On the heels of World War II, with medical ethics in the spotlight following unconscionable Nazi atrocities, the World Medical Association (WMA) decided that the Hippocratic oath, which had guided medicine since around 500 BC, needed to be replaced. So the Association developed a new oath that contained some of the principles of the ancient oath but opened the door to continual modernizing.
The World Medical Association responded to Nazi medical atrocities not by reasserting the time-tested Hippocratic oath, but by asserting a new modern oath, subject to change every 10 years. |
The WMA's Declaration of Geneva, introduced in 1948, followed
the general pattern of the Hippocratic oath, which promotes patient protections
by highlighting the physician's discretion in the use of power.
The Declaration of Geneva followed the Hippocratic oath's
assumption that the physician is not a pawn of the patient but a professional
who exercises ethical judgment. The Declaration stated conscience freedom in
healthcare simply: "I will practice my profession with conscience and
dignity."[i]
Shifting ideology is replacing timeless oaths and
bedrock principles
By contrast to the fixed bedrock principles enshrined in the
millennia-old Hippocratic oath, however, the World Medical Association's Declaration
of Geneva undergoes revision every decade.
After half a dozen windward revisions in the direction of liberal social positions,
the evidence of the Declaration's ever-shifting form belies its claim to "safeguard
the ethical principles of the medical profession, relatively uninfluenced by
zeitgeist and modernism."[ii]
The WMA's ever-changing Declaration of Geneva is a virtual zeitgeist barometer. |
In fact, the Declaration serves as a veritable zeitgeist barometer, tracking with the current
era's cultural climate.
Exhibit A: Physicians
using the original Declaration of Geneva promised, "I will not permit
consideration of religion, nationality, race, party politics or social standing
to intervene between my duty and my patient." Five considerations.

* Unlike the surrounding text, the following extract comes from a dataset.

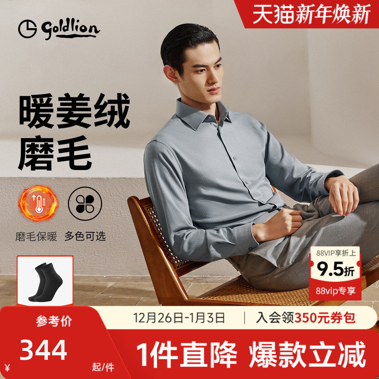 【磨毛】金利秋冬新款男士长袖衬衫弹力暖感商务正装衬衣男上衣

By 2017, the list had expanded with over a dozen new items
or phrasings to read, "I will not permit considerations of age, disease or disability, creed, ethnic origin, gender,
nationality, political affiliation, race, sexual orientation, social standing, or any other factor to intervene between
my duty and my patient"[iii]
(changes noted in added italics). Apparently exhausted by compiling the extra
items, the Declaration editing committee decided to cover their bases for all
time: "or any other factor."
The Declaration of Geneva has quickly become a
"fill-in-the-blank" blackboard of social and political agendas.
Exhibit B: The
original Declaration unequivocally asserted, "I will maintain the utmost
respect for human life from the time of conception."[iv]
With every revision, "life" keeps getting vaguer. |
That apparent pro-life commitment survived just one
revision.
By 1983, activist editors had watered it down to, "I will
maintain the utmost respect for human life from its beginning" (emphasis added).[v]
Divorced from science and subjected to the ideological whim of the interpreter,
"beginning" could mean any time from conception to birth to verbal
ability to, what the heck, graduation
with an advanced degree.
Fill in the blank with your own whim.
Apparently by 1983, practitioners of modern medicine had
lost the ability to acknowledge what biological science right up until that
point had clearly demonstrated as an inarguable reality: that human life begins
at conception. So the new medical oath reflected the loss of scientific knowledge,
resorting to fuzzy, flexible ambiguity.
By the fourth revision, oath editors apparently had lost
all interest in when life begins.
The newly revised statement simply said, "I will
maintain the utmost respect for human life."
Perhaps the next revision will delete human and simply
refer to "life," followed by a subsequent revision that will pledge,
"I will maintain the utmost respect." The final revision will be
simply, "I," which appears to be the only remaining ethic. Whatever I
want, whatever I think, whatever I choose.
Autonomy.
Next essay: Abortion activists tie conscience freedom to ideological conformity
[i] Declaration of Geneva,
1948 original version, World Medical Association. Reprinted and analyzed in
"Use of the Hippocratic Oath: A Review of Twentieth Century Practice and a
Content Analysis of Oaths Administered in Medical Schools in the U.S. and
Canada in 1993," by Orr, Robert D., Pang, Norman, Pellegrino, Edmund D.,
Siegler, Mark
Journal of Clinical Ethics. 1997 Winter; 8(4): 377-388.
http://hdl.handle.net/10822/752459.
[ii] World Medical Association
web page, https://www.wma.net/what-we-do/medical-ethics/declaration-of-geneva/
accessed Nov. 16, 2017.
[iii] Declaration of Geneva,
World Medical Association, October 2017.
[iv] Declaration of Geneva,
World Medical Association, adopted October, 1949.
[v] Declaration of Geneva,
World Medical Association, October 1983.